→ **Your task**: For the word "Lite", work out how many lines in the records below contain it and state that count alone.

→ **Extracted records**:

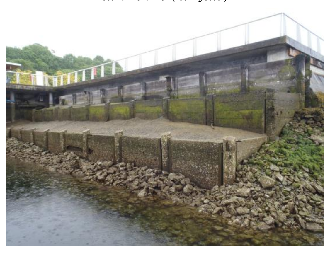
Seawall Overview (at zero tide)
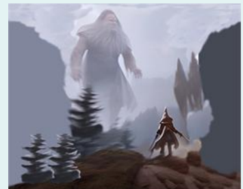
Kordan versus Ningthus
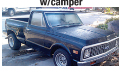
1969 Chevy 1/2 ton 350 shortbox
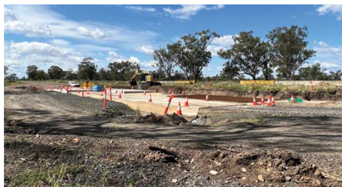
Concrete pour, April 2022
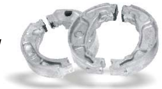
Brake Shoe Body
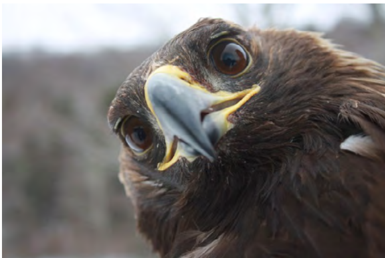
Sisu, Golden Eagle
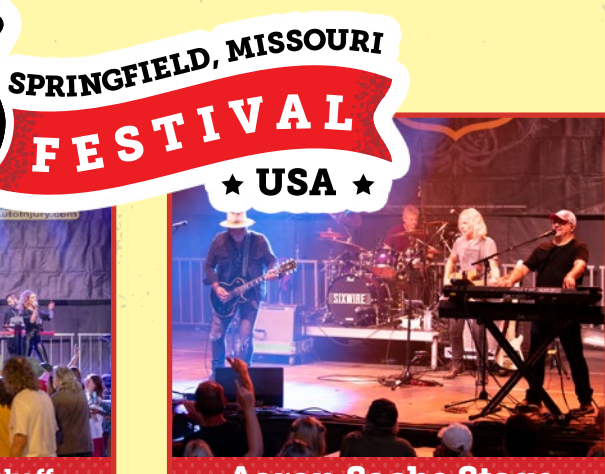
Aaron Sachs Stage Hot artists playing cool jams all weekend long!
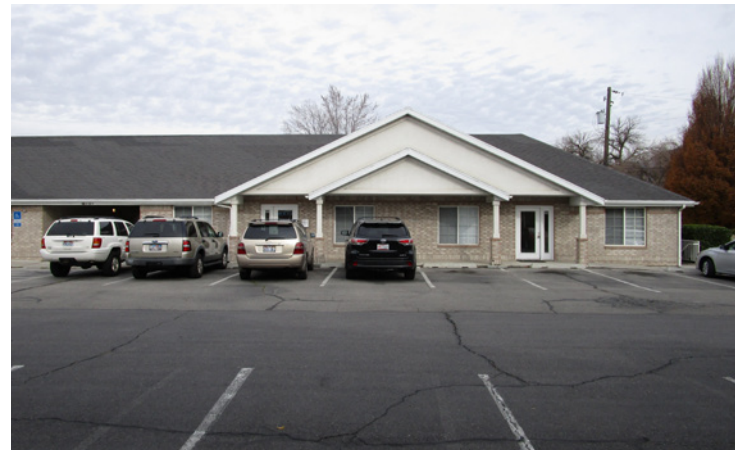
BUILDING A - EAST UNITS
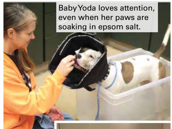
Baby Yoda loves attention, even when her paws are soaking in epsom salt.

The safety net program is especially helpful in eliminating euthanasia as the only option for injured pets at our shelter partners operating with limited resources.
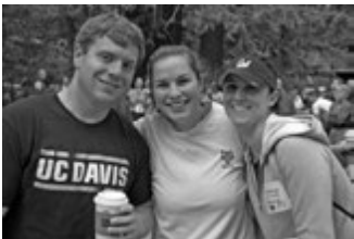
Dipsea Hike/Run Lite 2009 Hikers

The 7th annual Dipsea Hike/Run Lite was held on September 29. Everything was perfect – a beautiful and sunny day on Mt. Tamalpais, great food and entertainment, a record number of participants and many generous sponsors. Almost 400 runners and hikers put into practice Zero Breast Cancer’s message about breast cancer risk reduction and the positive benefits of physical activity.
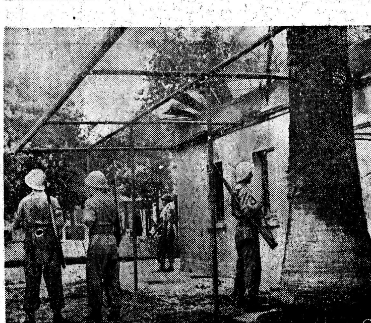
Scenes of French auto workers battling police in strike last year (top left), British troops patrolling during uprising in Egypt (lower left) and Japanese strikers wearing gas masks during demonstrations (right): — "And now that America has become the master of the capitalist world, her foundations are extended over all these volcanoes exploding or about to explode in all parts of what is left of the capitalist world."
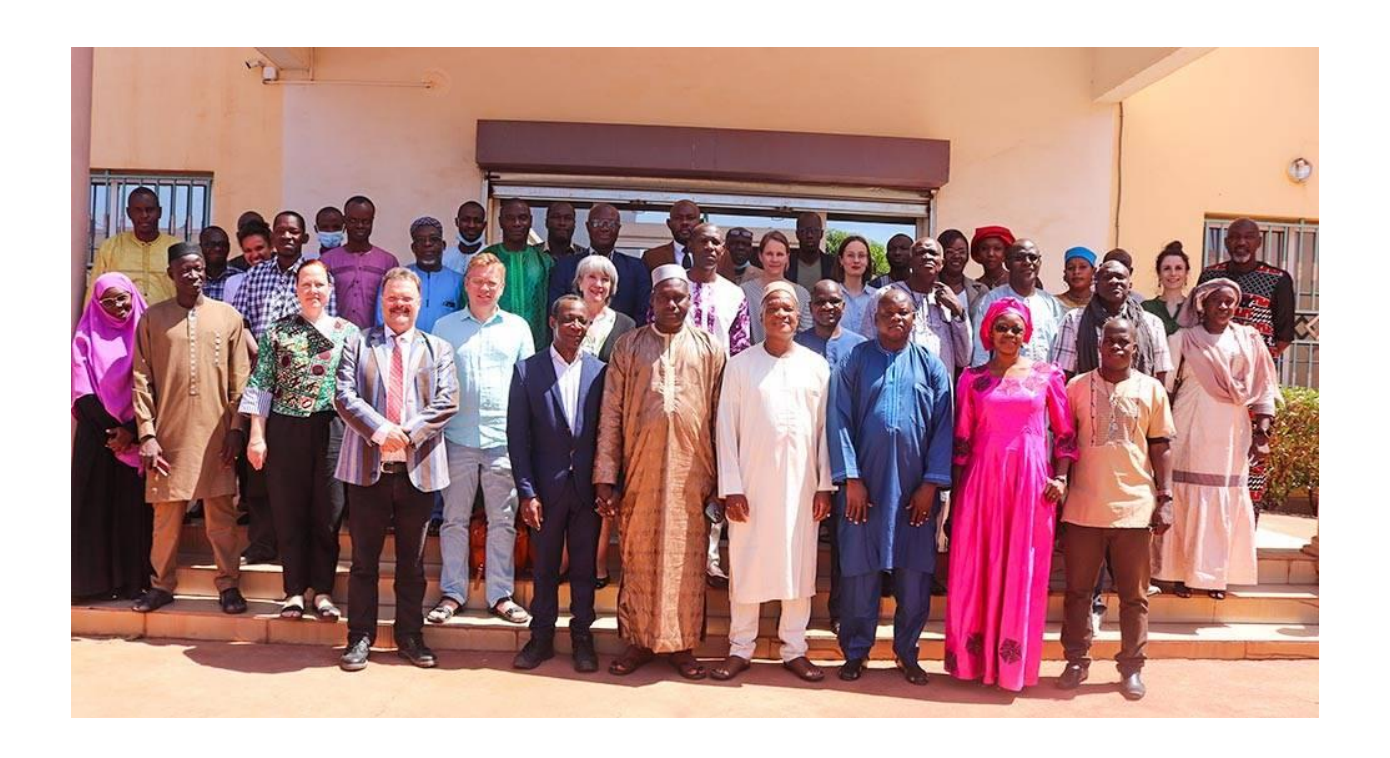
Uppsala, June 2024
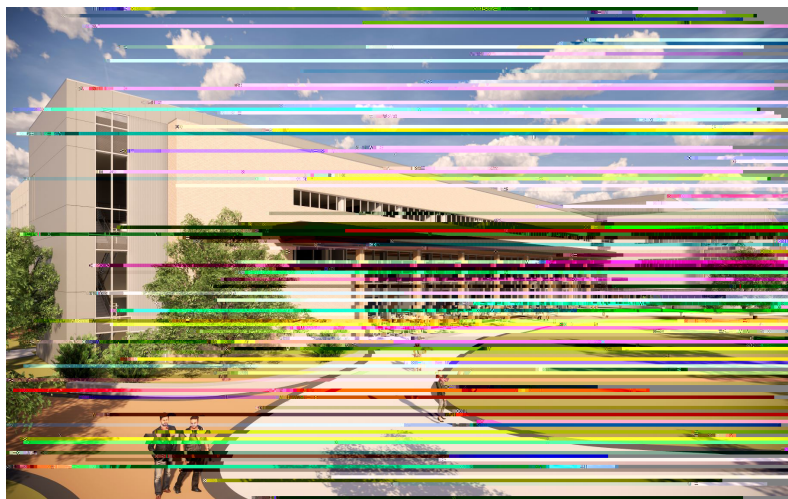
Head Lease Building - South
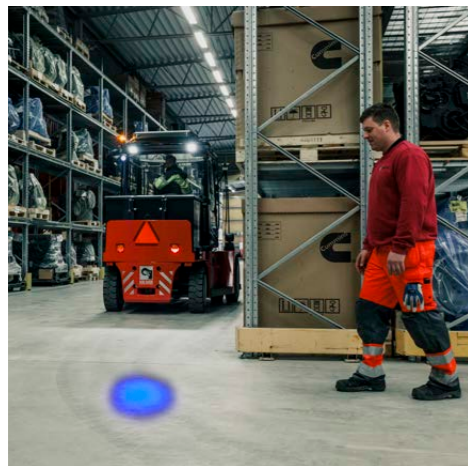
Blue safety light The blue safety light alerts people that the truck is approaching, reducing the risk of accidents.

In the unlikely event of a fire in the engine compartment the suppression system will automatically be activated to suppress the fire. A useful option in e.g. sawmill.
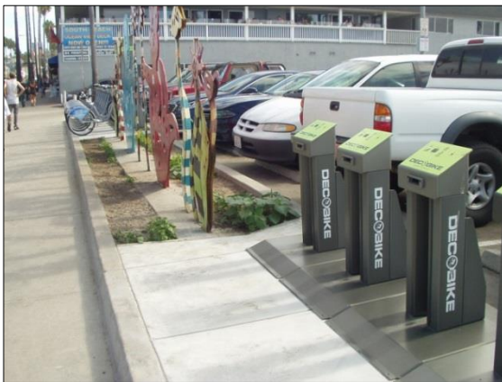
DecoBike station next to the beach in Ocean Beach

To succeed in San Diego, bikesharing needs access to all these locations, but DecoBike has run into obstacles at all of them. For example, while kiosks are located throughout the urban core, they are not co-located with transit stops, which is crucial to the program's
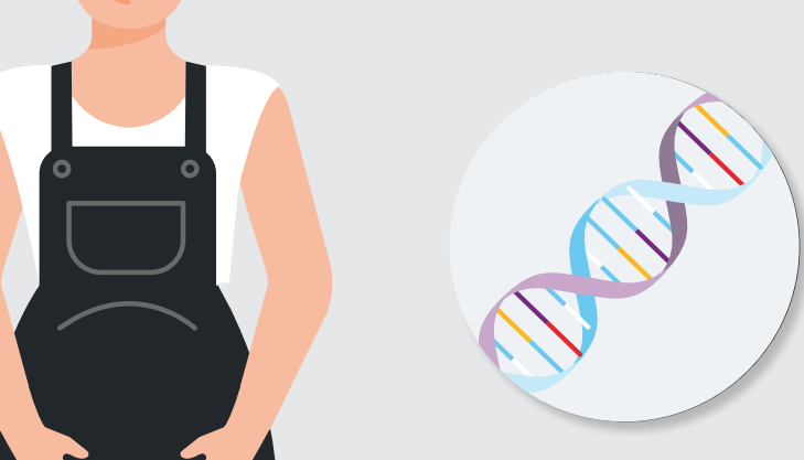
It is biologically impossible for messenger RNA (mRNA) to change you or your baby's DNA.
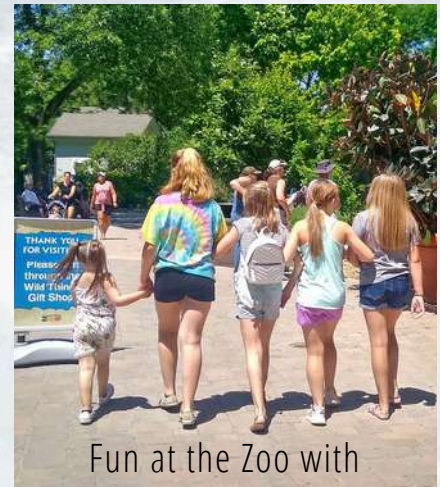
Fun at the Zoo with lifetime church friends
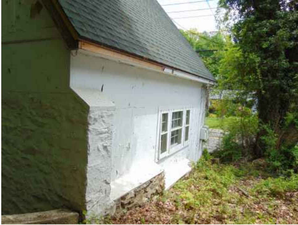
Photograph 5 , Façade, south elevation, looking northeast
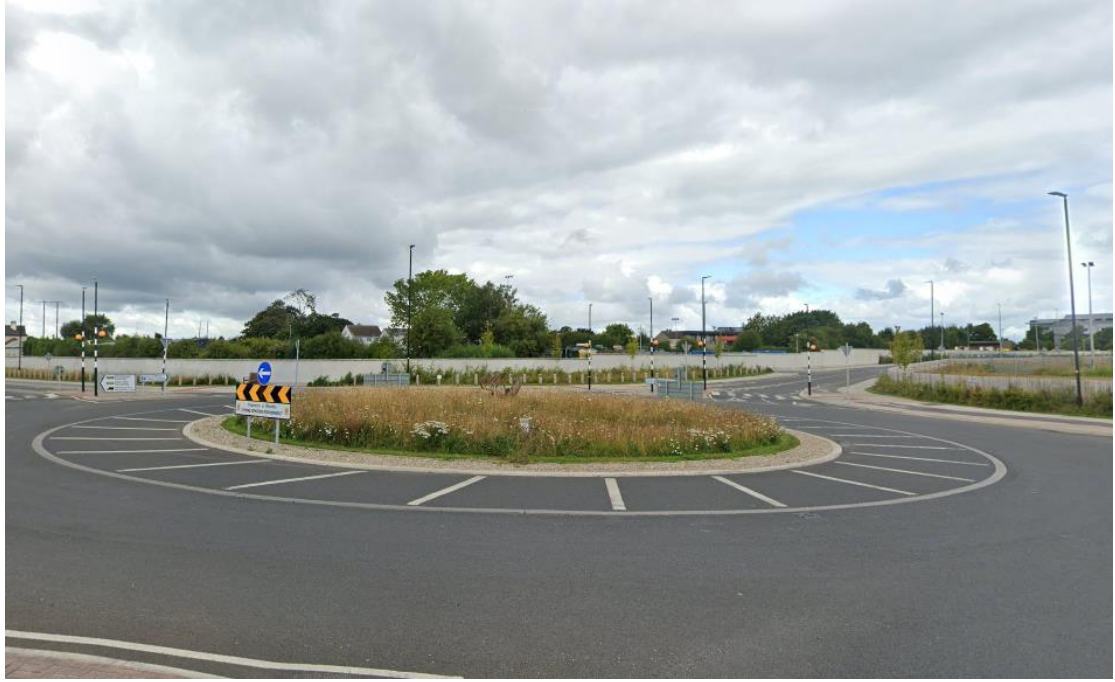
C3.2 O'More (O'Moore) Roundabout
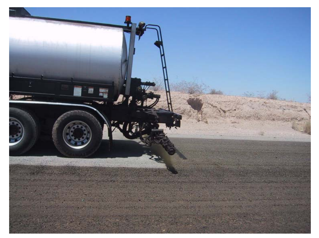
Figure 4. Application of EK35 product at MC
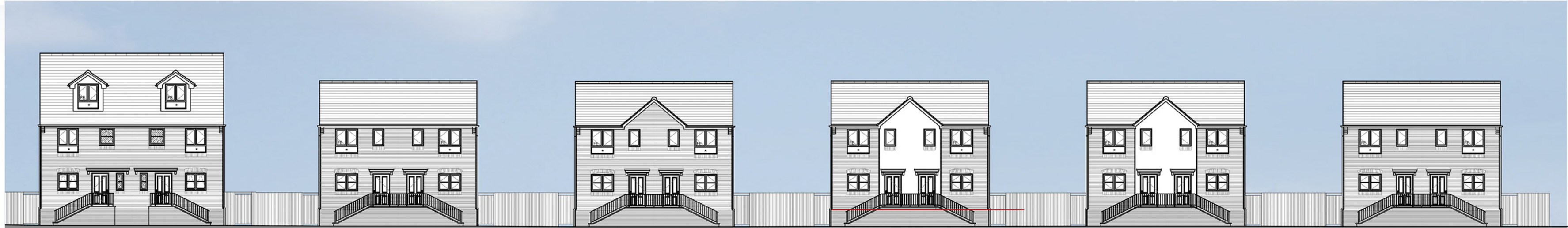
STREET SCENE E
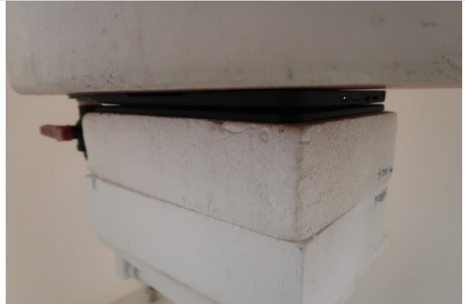
Bottom Face, Test Separation 0 mm

→ **Exercise answer**: 2